### PROBLEM DESCRIPTION
Using the data below, return word for word every line from the one holding "Der Vorschlag lädt" down to the one holding "Over the last". Leave pictures out.

### AVAILABLE RECORDS
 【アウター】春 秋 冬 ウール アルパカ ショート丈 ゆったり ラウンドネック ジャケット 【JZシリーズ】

==

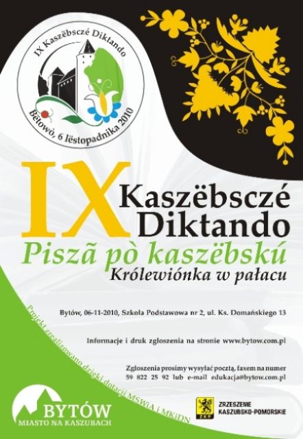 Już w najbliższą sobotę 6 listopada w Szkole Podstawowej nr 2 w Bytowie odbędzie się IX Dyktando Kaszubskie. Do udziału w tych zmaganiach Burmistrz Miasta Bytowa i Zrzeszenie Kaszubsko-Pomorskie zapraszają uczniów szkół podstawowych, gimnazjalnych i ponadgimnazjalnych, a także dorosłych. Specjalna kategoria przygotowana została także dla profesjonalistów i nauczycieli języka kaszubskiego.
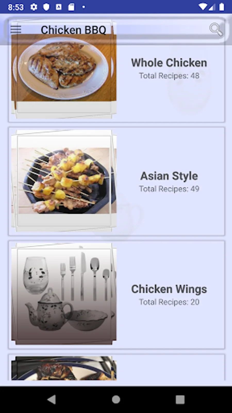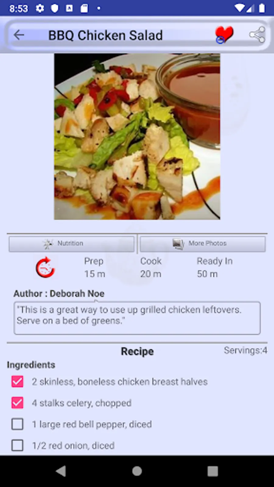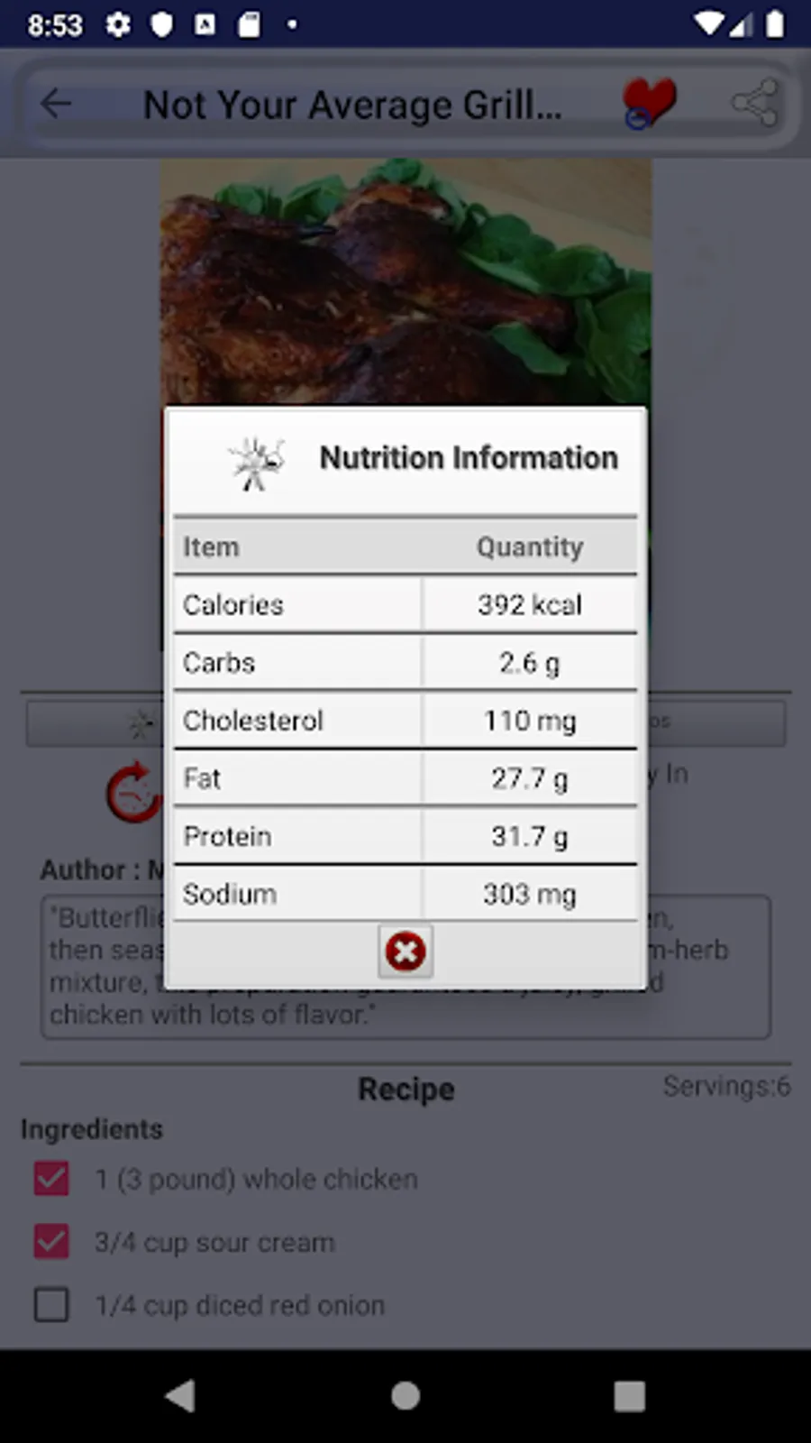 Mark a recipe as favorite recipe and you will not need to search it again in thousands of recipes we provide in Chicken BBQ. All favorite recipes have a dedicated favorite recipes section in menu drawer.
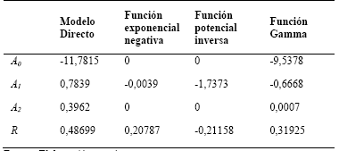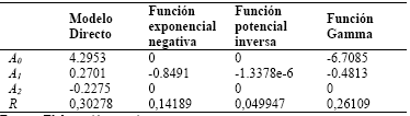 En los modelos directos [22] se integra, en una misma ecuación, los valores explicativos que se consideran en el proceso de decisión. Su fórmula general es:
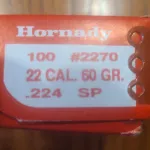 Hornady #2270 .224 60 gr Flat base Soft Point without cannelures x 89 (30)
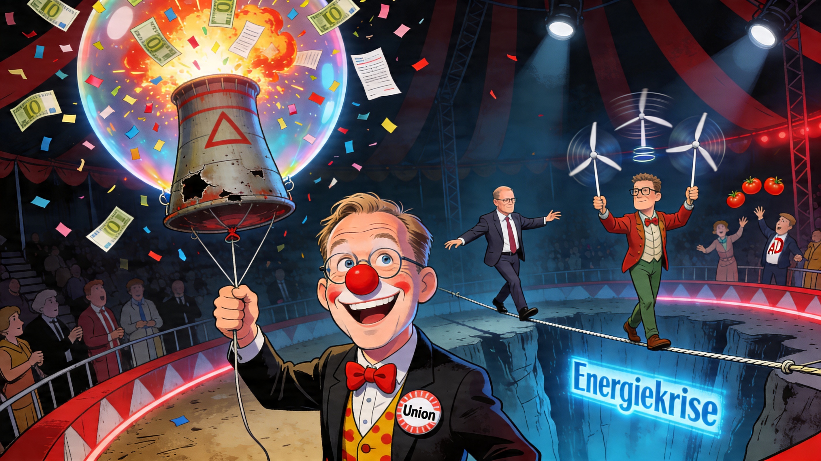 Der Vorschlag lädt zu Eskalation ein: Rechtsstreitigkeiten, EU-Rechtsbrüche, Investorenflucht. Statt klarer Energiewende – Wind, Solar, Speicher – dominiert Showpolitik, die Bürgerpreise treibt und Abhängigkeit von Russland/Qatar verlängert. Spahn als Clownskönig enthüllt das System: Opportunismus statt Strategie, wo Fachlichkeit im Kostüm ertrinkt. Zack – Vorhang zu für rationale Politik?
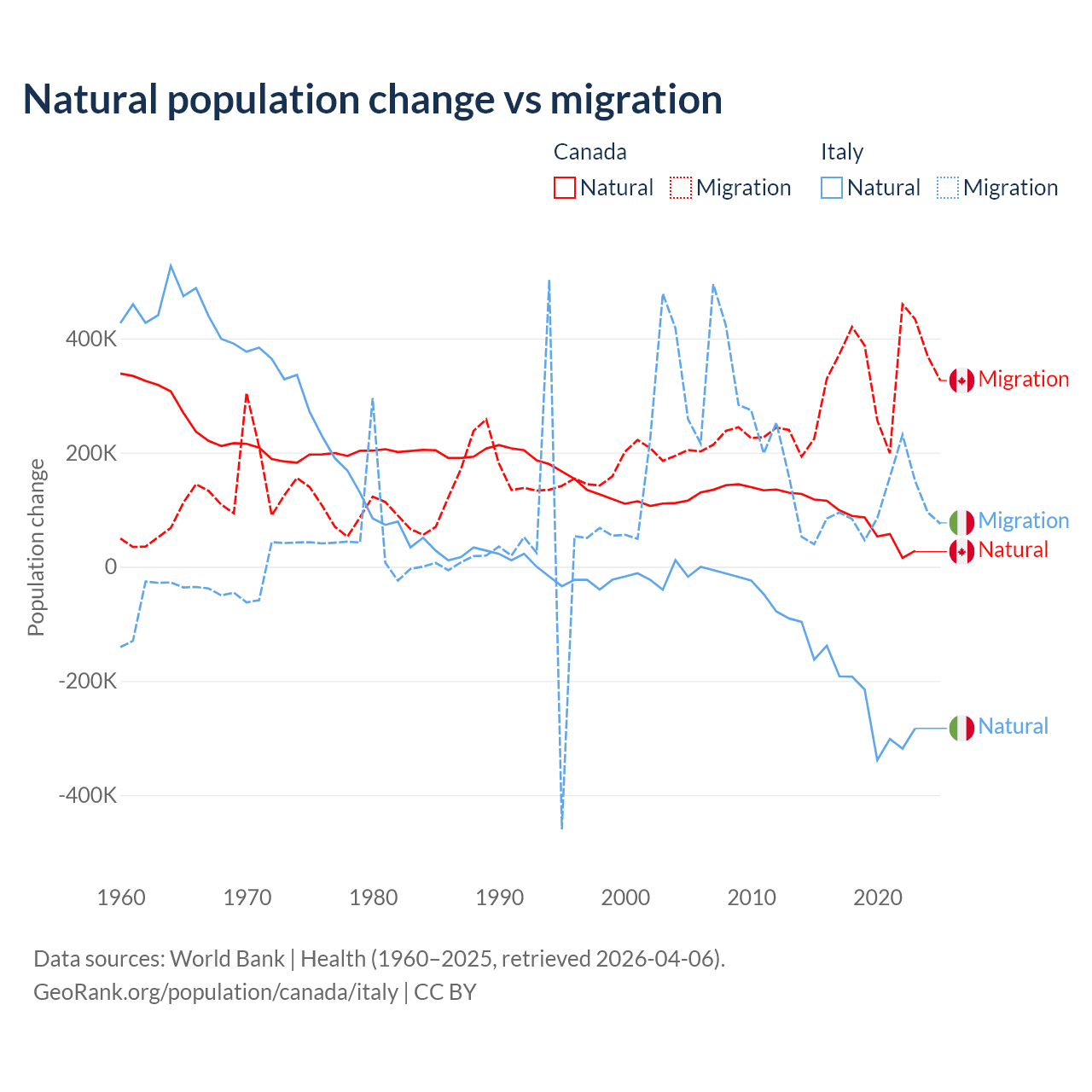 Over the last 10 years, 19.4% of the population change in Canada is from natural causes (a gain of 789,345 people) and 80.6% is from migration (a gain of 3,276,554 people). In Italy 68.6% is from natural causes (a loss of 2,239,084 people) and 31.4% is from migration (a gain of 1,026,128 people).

### SOLVED PROBLEM
 Der Vorschlag lädt zu Eskalation ein: Rechtsstreitigkeiten, EU-Rechtsbrüche, Investorenflucht. Statt klarer Energiewende – Wind, Solar, Speicher – dominiert Showpolitik, die Bürgerpreise treibt und Abhängigkeit von Russland/Qatar verlängert. Spahn als Clownskönig enthüllt das System: Opportunismus statt Strategie, wo Fachlichkeit im Kostüm ertrinkt. Zack – Vorhang zu für rationale Politik?
 Over the last 10 years, 19.4% of the population change in Canada is from natural causes (a gain of 789,345 people) and 80.6% is from migration (a gain of 3,276,554 people). In Italy 68.6% is from natural causes (a loss of 2,239,084 people) and 31.4% is from migration (a gain of 1,026,128 people).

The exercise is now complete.